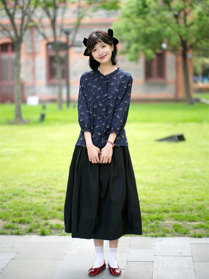 衬衣与半身裙的搭配也是较为常见的组合,同时兼具了职场的干练与半身裙的柔美感,不过正因如此这座搭配太过于常见,有极高的撞衫率。为了避免撞衫的尴尬,我们可以多尝试带有印花元素格纹元素的衬衣,搭配设计感强一些的半身裙。在营造出繁简配色反差的同时,又能加强设计感,保证让你收获超高回头率。
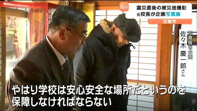 多くの棺が並べられた石巻市内の遺体安置所に、沿岸部の住宅を飲み込む真っ黒な津波。石巻市北村の元女川高校校長、佐々木慶一郎さんが企画した写真展では、自身が撮影した被災地の写真や当時の新聞など、約350点が展示されています。18日は、震災当時、女川町議会の議長を務めていた木村征郎さんが会場に足を運び、事前防災の備えが不十分だった大川小の説明を受けました。
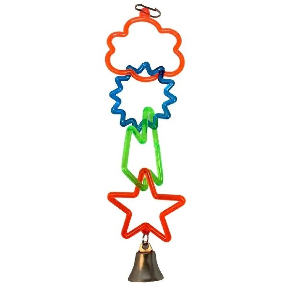 Plastová, barevná hračka se zvonečkem pro ptáky k zavěšení do klece.
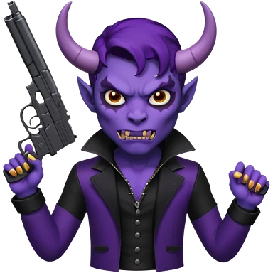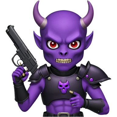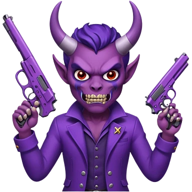 Cara redonda Diablo morado garrando dos pistolas emoji | AI Emoji Generator
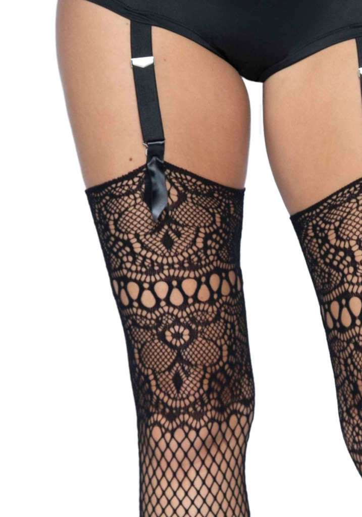 Elegáns necc harisnya csipkemintás felsőrésszel és finom díszcsíkkal. Kényelmes viselet, amely tökéletesen illeszkedik és stílusos megjelenést biztosít.
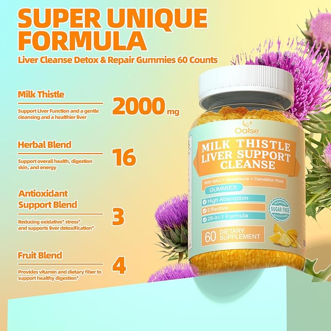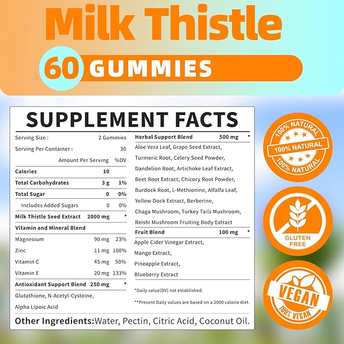 - The Ultimate Liver Support* - 2000mg Milk Thistle & 16 Herbal Extracts - Packed with 2000mg of premium Milk Thistle and a powerful blend of 16 natural herbs and fruits extract—including Turmeric Root, Dandelion Root, Grape Seed Extract, and more—our gummies provide unmatched support for your liver*’s detox* enzyme* system, promoting optimal liver* health and detoxifi cation*
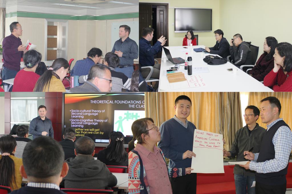 培训采用小班授课方式,3-18周开课,每周2课时课堂讲授,2课时自由交流,由美籍教师Christopher William Wood执教。Christopher毕业于美国知名大学,拥有跨文化和第二语言教学双硕士学位,具有丰富的跨文化交际和教学经验。开课前一周外教与参训教师一对一进行交流,了解每位教师英语听说能力及学习需求,根据参训教师的英语听说水平划分了基础班和提高班,并针对每个班级定制了对应的教学内容和教学方法。

▶ [DESCRIPTION OF THE TASK] Exactly reproduce the run of lines from the start of the listing through the line with "Cara redonda Diablo", inclusive; pictures are not copied.

▶ [TASK RESULT]
 衬衣与半身裙的搭配也是较为常见的组合,同时兼具了职场的干练与半身裙的柔美感,不过正因如此这座搭配太过于常见,有极高的撞衫率。为了避免撞衫的尴尬,我们可以多尝试带有印花元素格纹元素的衬衣,搭配设计感强一些的半身裙。在营造出繁简配色反差的同时,又能加强设计感,保证让你收获超高回头率。
 多くの棺が並べられた石巻市内の遺体安置所に、沿岸部の住宅を飲み込む真っ黒な津波。石巻市北村の元女川高校校長、佐々木慶一郎さんが企画した写真展では、自身が撮影した被災地の写真や当時の新聞など、約350点が展示されています。18日は、震災当時、女川町議会の議長を務めていた木村征郎さんが会場に足を運び、事前防災の備えが不十分だった大川小の説明を受けました。
 Plastová, barevná hračka se zvonečkem pro ptáky k zavěšení do klece.
 Cara redonda Diablo morado garrando dos pistolas emoji | AI Emoji Generator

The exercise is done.